Geology Video: Rocks, Energy, and Plate Tectonics (Chapter 1-9 Highlights)

Sedimentary Rocks

  • Definition: Rocks formed from the accumulation and lithification of sediments (fragments of pre-existing rocks, minerals, or organic matter).

  • Process of Formation (Lithification):

    1. Weathering and Erosion: Breaking down and transport of existing rocks into smaller pieces (sediments).

    2. Deposition: Sediments settle and accumulate in layers, often in basins (e.g., riverbeds, lake bottoms, ocean floors).

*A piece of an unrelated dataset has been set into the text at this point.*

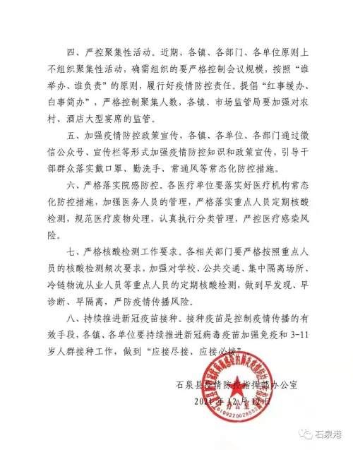 二、加強(qiáng)人員排查管控。從即日起,各鎮(zhèn)、各部門、各單位全面開展本單位干部職工及家屬自11月27日以來西安返石人員情況的排查,督促其迅速向所在社區(qū)報告并做核酸檢測,積極配合村(社區(qū))落實相應(yīng)的疫情防控措施。

    3. Compaction: Overlapping layers of sediment press down on lower layers, reducing pore space and forcing out water.

    4. Cementation: Dissolved minerals (like calcite, silica, or iron oxides) precipitate in the pore spaces between sediment grains, binding them together to form solid rock.

  • Key Characteristics:

    • Often display distinct layers or bedding.

    • May contain fossils, providing a record of past life.

  • Examples:

    • Sandstone: Formed from compacted and cemented sand grains.

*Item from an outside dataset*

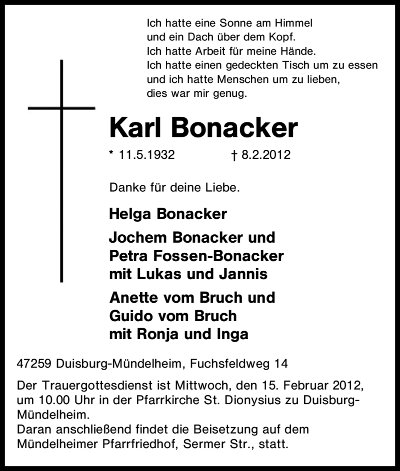 Pflanzen Sie einen Gedenkbaum für Karl Bonacker

    • Limestone: Formed primarily from the accumulation of marine organism shells and skeletons (calcium carbonate).

    • Shale: Formed from compacted mud (silt and clay).

  • Real-world Connections: The fossils mentioned in the rock cycle are often found in sedimentary rocks, preserving evidence of ancient life.

Igneous Rocks

  • Definition: Rocks formed from the cooling and crystallization of molten rock.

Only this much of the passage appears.